Active in local affairs, Hay strongly opposed border duties on goods crossing the Murray River. In 1856 he was elected as "a conservative and squatting representative" for the Murrumbidgee to the first New South Wales Legislative Assembly. He carried a motion of no confidence against Charles Cowper's first ministry and attacked the legality of appointing James Martin attorney-general. Hay declined to form a ministry himself and recommended (Sir) Henry Parker, whom he joined as secretary of lands and works in 1856–1857. His squatter-oriented land bill was stillborn but in 1857-59 he retained his seat and in 1859 won the Murray. In 1860 he strongly opposed (Sir) John Robertson's land bills and carried his amendment to ensure survey before selection. At the ensuing general election he was one of Robertson's few opponents to be re-elected.

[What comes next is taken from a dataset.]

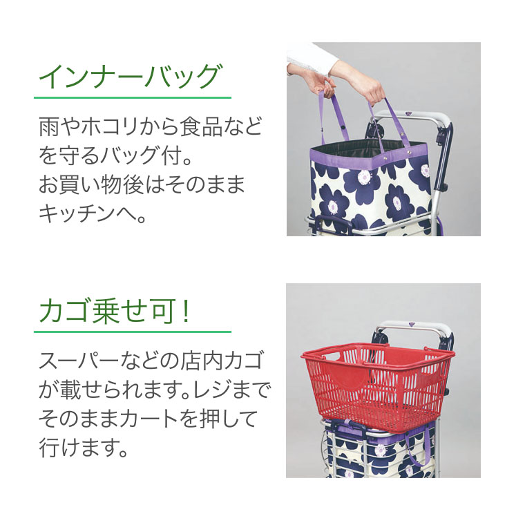 ●サイズ/幅48.5×奥行49.5×高さ88〜98cm、折りたたみ時:幅48.5×奥行27×高さ78〜88cm●車輪サイズ/前輪15×後輪17cm●重さ/4.9kg●バッグ容量/約30L●バッグ積載荷重/20kg●材質/本体:アルミニウム●生産国/日本●標準機能/折りたたみ式、ハンドル高さ調整(3段階/約5cmピッチ)、手元ブレーキ・手元駐車ストッパー●SGマーク取得商品 ・使う人が楽しく、楽に使えるカートです。 ・見た目にも華やかな花柄インナーバッグと、シンプルなデザインを好まれる方に人気のメッシュ紺の3色展開です。 ・強くて軽いアルミフレームで快適なショッピングができるようサポートします。 ・手元を握ればブレーキ、押し下げれば停車ストッパーになる簡単操作のワイヤーカート。 ・インナーバッグ付きカートです。雨やホコリから食品などを守ることができます。お買物の後はインナーバッグだけ取り外し、そのままキッチンへ持ち運ぶのにも便利です。 ・スーパーなどの店内お買物カゴを載せることができます。レジまでそのままカートを押して歩けるので、ショッピングにも便利です。 ・お誕生日や母の日、父の日、敬老の日などのプレゼントにも喜ばれています。(梱包サイズの兼ね合いにより、ラッピングやのし対応を承ることができません。ご容赦くださいませ。) ※自立歩行が困難な方向けの商品ではございません。 【ユーバ産業】 【当店について】 当店は高知県に所在している介護用品や福祉用具をメインに取り扱っているショップです。在庫品もたくさんご用意しています。各エリアに倉庫拠点を置き、全国のお客様へいち早くお届けできるよう在庫を取り揃え、配送までの日数を極力お待たせすることないよう体制を整えています。(各メーカーから直送させていただいたり、メーカーより取り寄せ後発送する商品もございます)シニア層のお客様に人気のある商品や、介護現場での必要不可欠なグッズ、アイディア用品、便利グッズなどもご用意しており、ご好評いただいています。紙オムツなど医療費控除対象商品も数多く取り揃え、一度にたくさん購入が必要な場合は、ケース出荷での対応も行っております。まとめ買いや大量購入、病院や施設での備蓄にとお買い求めいただいています。ご購入前にお見積りのご要望がございましたら、作成もご相談受け付けておりますので、お気軽にお問い合わせください。 【当店では以下のような商品を取り扱っております。】 [食事関連] 介護食 健康食品 栄養補助食品 ハイカロリー 高カロリー 区分1 区分2 区分3 区分4 容易にかめる 歯ぐきでつぶせる 舌でつぶせる かまなくてよい ドリンク お箸 スプーン フォーク グリップ カフ 食器類 すべり止めシート カップ吸い飲み器 調理器具 オーブナー ロ腔ケア用品 食事用エプロン 飲料 飲み物 栄養補助ゼリー ゼリー飲料 自助具 カトラリー コップ お皿 オーラルケア 歯ブラシ 歯ぶらし 歯磨き 入れ歯洗浄 食事用前掛け [入浴関連] シャワーチェア 浴槽台 浴槽手すり 浴槽ポード バスリフト バスマット バスシート シャワーキャリー 入浴用 介助ベルト すのこ 入浴用クッション 防水力バー エプロン 入浴エプロン 介助用エプロン シューズ シャワー付チェア 簡易浴槽 入浴用担架 入浴用小物 入浴剤 清拭料 ボディーソープ シャンプー 保湿剤 清拭タオル 風呂いす お風呂椅子 バスボード シャワー用車いす 入浴介助エプロン お風呂マット 滑り止めマット すべり止め 転倒予防 クッション 業務用入浴剤 ドライシャンプー ウェットタオル [ベッド関連]べッド サイドレール サイドテーブル べッド用手すり カバー 衝撃吸収マット 枕 寝具 エアマット マットレス オーバレイ 介助ベルト 移乗用具 移乗グロープ 介護リフト シーツ 防水 除湿 非防水 べッドバッド 体位変換クッション セーフティー用品 電動ベッド 介護ベッド 介助バー Pバー ピロー 介護クッション ベッド柵 転倒予防 座位保持 端座位 床ずれ用品 褥瘡 除圧 [衣類] 寝巻き 肌着 衣類 紙おむつホルダー 失禁バンツ 防寒具 帽子ソックス サポーター コルセットルームウェア アンダーウェア 下着 トップス ボトムス アウター チュニック ベスト カーディガン 羽織り 寒さ対策 軽失禁パンツ 尿漏れパンツ 靴下 くつした サポーター 腰用 膝用 足用 足首 背中 手首 肩 肘 [歩行関連] 車いす 電動車いす 車いす用クッション 座位保持用具 車いす用小物 スロープ 電動昇降機 歩行車 歩行器 シルバーカー ショッピングカート ウォーキングボール 杖 多点杖 松葉杖 クラッチ 杖小物 ゴムチップ リハビリシューズ 靴下 靴した ソックス スリッパ 室内履き 外履き 入院 施設用 病院用 シューズ シューズ小物 転倒予防 ヘッドガード 車いす用オプション 歩行補助器 四輪 手押し車 カート 買い物カート シニアカー ステッキ 四点杖 4点杖 杖先ゴム 介護シューズ コンフォートシューズ ウォーキングシューズ ヘッドギア 頭部保護帽 帽子 車椅子体重計 [排泄関連]ポータブルトイレ プライベートスクリーン 簡易便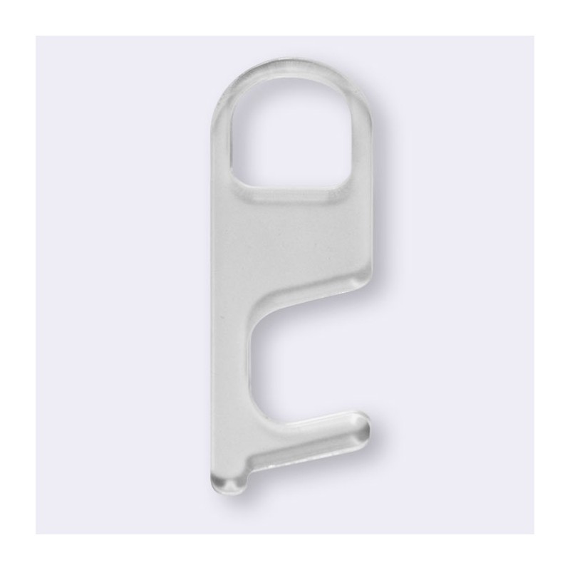 Herramienta de acrílico que evita el contacto directo con superficies, ideal para abrir puertas y presionar botones.

David Buchanan deplored Hay's "artificial and affected" manner, but admitted that "as an Opposition leader, Mr. Hay conducts his opposition in a manly, dignified, and honourable way If he attacks the NSW Government, it is on some great and constitutional question-not on the appointment of two or three policemen". When Hay was elected Speaker on 14 October 1862 Governor Sir Henry Young reported that he was of the "very first standing in the Colony in point of fortune, manners, education and character". Hay won the respect of all parties for impartial discharge of his duties. In 1864 his opposition to Riverina separation led him to give up his Murray seat and he won Central Cumberland. He resigned as Speaker in 1865 and from the assembly in 1867 when appointed to the New South Wales Legislative Council.

Although Hay had lived in Sydney since 1856 he maintained his Murrumbidgee runs. He was chairman of the Mercantile Bank of Sydney and a director of the Australian Mutual Provident Society and the European Assurance Society. In 1872 he refused to join Henry Parkes' ministry but next year became president of the Legislative Council on Parkes' recommendation. Worried by the frequent lack of a quorum, in 1874 he had the size of the council increased In 1879 he told Sir Edward Deas Thomson of "unpleasant relations with the Assembly, partly from a little injudicious management of details by those who have taken the lead amongst us, but chiefly I fear from a spirit of hostility to the Council on the part of leading men in the House". Believing that the duty of the council was to assist the government unless some important principle was involved, Hay was unremitting in his efforts to get "laws passed in the best form possible". Ever jealous of the council's dignity, he complained to the governor of "sacrilege" after (Sir) Alexander Stuart's government had put seventy-five beds in the council chamber during an all-night debate on the land bill in 1884.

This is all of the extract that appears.